Last night we paid our first visit to The X Factor 2012 Boot Camp – the second installment is of course airing tonight on ITV1 – and I have a gripe…
Well, I have a few actually, but one of the main ones is this Boot Camp tradition to hear the acts singing in groups of three.
Why? They won’t be singing in the live shows in sets of three will they? Unless they ARE a group of course…
But the solo singers are of course just that; solo singers, and therefore, putting them into groups with others is just plain pointless and I think it really puts many of the singers at a big disadvantage.
We saw a lot of the truly good solo artists struggling last night, including Jahmene Douglas who forgot the words to Maroon 5’s – by now intensely annoying, we heard it that many times – song Moves Like Jagger…
The thing is, when the singers go to the live shows, not only will they sing alone, so they don’t need to play well with others in any sense of the words, they get a whole week to rehearse rather than a few hours as they did at Boot Camp.
But because he messed up, you could see Jahmene was visibly shaken and his confidence severely knocked. And it was utterly avoidable. Here’s a reminder…
How much harder would it have been to just let the singers pick their own songs and sing individually?
I get that there are time constraints with Boot Camp, but rather than lose truly talented singers for the sake of squeezing them all in, why not – in future – either put less singers through from auditions, or make Boot Camp a couple of days longer?
It was the singing in sets things that I think put paid to Robbie Hance at Boot Camp too…

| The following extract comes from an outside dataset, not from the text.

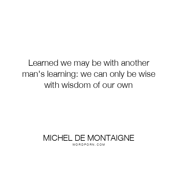 Learned we may be with another man's learning: we can only be wise with wisdom of our own

Granted, it could be deemed that he’d behaved unprofessionally by taking “power naps” and therefore not rehearsing, but as he’s homeless and sleeps on the streets of London, one might therefore assume that he doesn’t get a full eight hours most nights.
And again, he didn’t help himself by just walking off rather than fronting it out and waiting for the judges’ decisions; after all, they let Jahmene off for fluffing things so they might have done the same for Robbie.
It reminded me somewhat of Cher Lloyd in her year. Remember when, at Cheryl Cole’s Judge’s House, Cher got a bad throat and couldn’t perform so she assumed it was all over, and weeping, said, “I’m sorry, I’m done…” before walking away?
Well, she was given another chance and look at her now.
I wish the same sort of thing had happened to Robbie because he was not only a good singer, he seemed like a genuinely nice guy.
Here’s a reminder of Robbie’s Boot Camp fail…
So, now I’d like to hear what you think – is the current format of Boot Camp basically f***ing it up for some singers? And if so, how could it be changed?